Pnyx (1) schrieb am 10.01.2022 01:52:
Es gibt nichts in der Natur, das egozentrischer ist als die umkämpfte Demokratie. Sie wird bald zum Opfer ihrer eigenen Kriegspropaganda. Sie neigt dann dazu, ihrer eigenen Sache einen absoluten Wert beizumessen, der ihre eigene Sicht auf alles andere verzerrt. Der Feind wird zur Verkörperung des Bösen. Die eigene Seite ist das Zentrum aller Werte.

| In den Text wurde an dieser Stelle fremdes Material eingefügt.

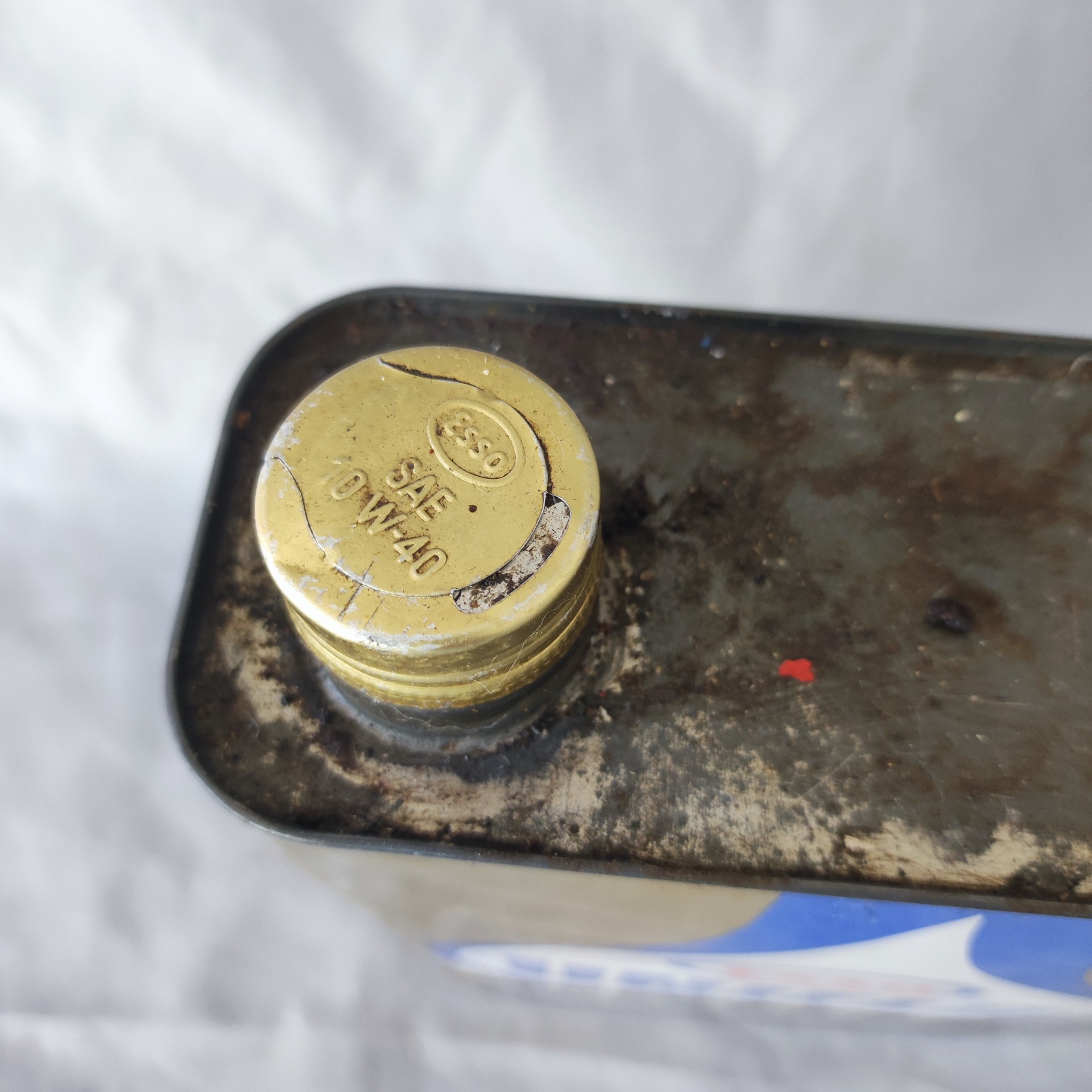 Víčko je mosazné, plech má patinu, a i když už dávno nevoní po motorovém oleji, pořád z ní sálá ta doba – vůně garáží, benzínu a nedělních jízd po venkově.

Dieses Zitat aus wirklich unverdächtiger Quelle, nämlich George F. Kennan trifft den Nagel auf den Kopf. Man kann noch etwas weiter gehen und das einschränkende Adjektiv 'umkämpfte' ('embattled') ersatzlos streichen.
Der im Text von Sergijenko verlinkte Artikel der ebenso der Russland-Versteherei unverdächtigen Webseite responsiblestatecraft.org, dem ich es entnommen habe, spricht von der Notwendigkeit einer 'strategischen Empatie', fordert mit anderen Worten, sich in die Situation der russischen Führung zu versetzen und sich zu überlegen, wie man selbst auf die eigne, westliche Politik reagieren würde.
Alle Zeichen deuten allerdings in eine andere Richtung, Jalta II wird aller Vermutung nach nicht so verlaufen wie die Uraufführung. Dafür ist der westliche Dünkel, sein Überlegensheitsgefühl zu mächtig. Bezeichnenderweise wird in allen MSM nun ein Russe zitiert, der gesagt haben soll, man werde sich nicht unter Druck zu Zugeständnissen bewegen lassen. Damit wird die Realität genau umgekehrt wiedergegeben. Denn es war Russland, das mit seinen in zwei Vertragsentwürfen niedergelegten Forderungen die Verhandlungen dringend angeregt hat. Die Initiative ging also nicht vom Westen aus und es geht auch nicht darum, westliche Forderungen durchzusetzen, sondern ganz anders herum. Der Westen hat überreizt und sollte sich zurücknehmen.
Aber wie gesagt, es sieht nicht danach aus, sondern vielmehr nach einer kurzen, von russischer Seite wegen Zwecklosigkeit schnell abgebrochenen diplomatischen Phase. Was danach passiert - niemand ausserhalb Russlands weiss es. Aber die Erfahrung sagt einem, dass es überraschend sein und den Westen auf dem falschen Fuss erwischen wird. Und ob die grossen Demokraten in solch einer Situation ruhig Blut bewahren und nicht wild um sich schlagen werden, ist leider alles andere als sicher.
Putins Forderungen entsprechen zu 80% der NATO-Russland-Grundakte von 1997. Sobald Russland sich aus der Ukraine zurückgezogen hat, kann diese sofort wieder in Kraft treten. Putin war übrigens als stellvertretender Kanzleichef und politischer Ziehsohn von Präsident Jelzin beim Aushandeln der NATO-Russland-Grundakte mit in der Verantwortung.